Up in the Air

sábado, 6 de fevereiro de 2010



Com toda a calma, uma mulher, de bom aspecto, diz ter um plano. Há uma ponte perto de casa e ela decidiu deixar de ser um peso para si mesma. Não sabemos se tenciona fazê-lo. A sua calma é desarmante e suspeita. Que consequências terá esse acto? Poucas. Num mundo cada vez mais avesso às ligações, tudo parece importar menos. "Sério" torna-se insulto e assumir compromissos é perigoso, indica dependência e falta de autonomia.

As relações líquidas, irreais, espécie de pop-art, estão a tomar o lugar da realidade. Não do casamento ou da amizade. Estão a tomar o lugar dos laços. E do peso desses laços, que, muitas vezes, nos obriga a despedaçar os sonhos e a ficar em terra, à espera de uma liberdade que nunca chega.

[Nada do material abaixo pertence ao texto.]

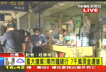 中新网11月23日电 据台湾TVBS报道,台南市一家钟表行老板,23日下午到银行提领新台币7000万元现金,准备买黄金用,没想到回家途中遭歹徒尾随,回到店内时歹徒开枪抢走现金,流弹还意外波及在店内的老板侄女,侄女小腿中弹,送往成大医院急救,歹徒则逃逸无踪。

A liberdade? Como a de Ryan Bingham. Só que, em vez das milhas, muitos de nós procuram rechear as contas bancárias. É assim tão diferente? Em vez de 10 milhões de milhas, 10 milhões de euros. Porquê e para quê? Porque é um número. Porque representa a substituição de qualquer coisa que nunca esteve lá.

Gostei muito de Up in the Air. É uma fotografia do mundo contemporâneo, como eu o represento. A corrosão da sensibilidade, a novilíngua projectista, um mundo cacofónico e, acima de tudo, asséptico.

Recomendo, a todos os fãs da flexigurança, a todos os fãs da liberalização desregulada das relações laborais, que vejam Up in the Air. Depois expliquem-me se ainda consideram "corrosão" uma imagem demasiado forte e inexacta.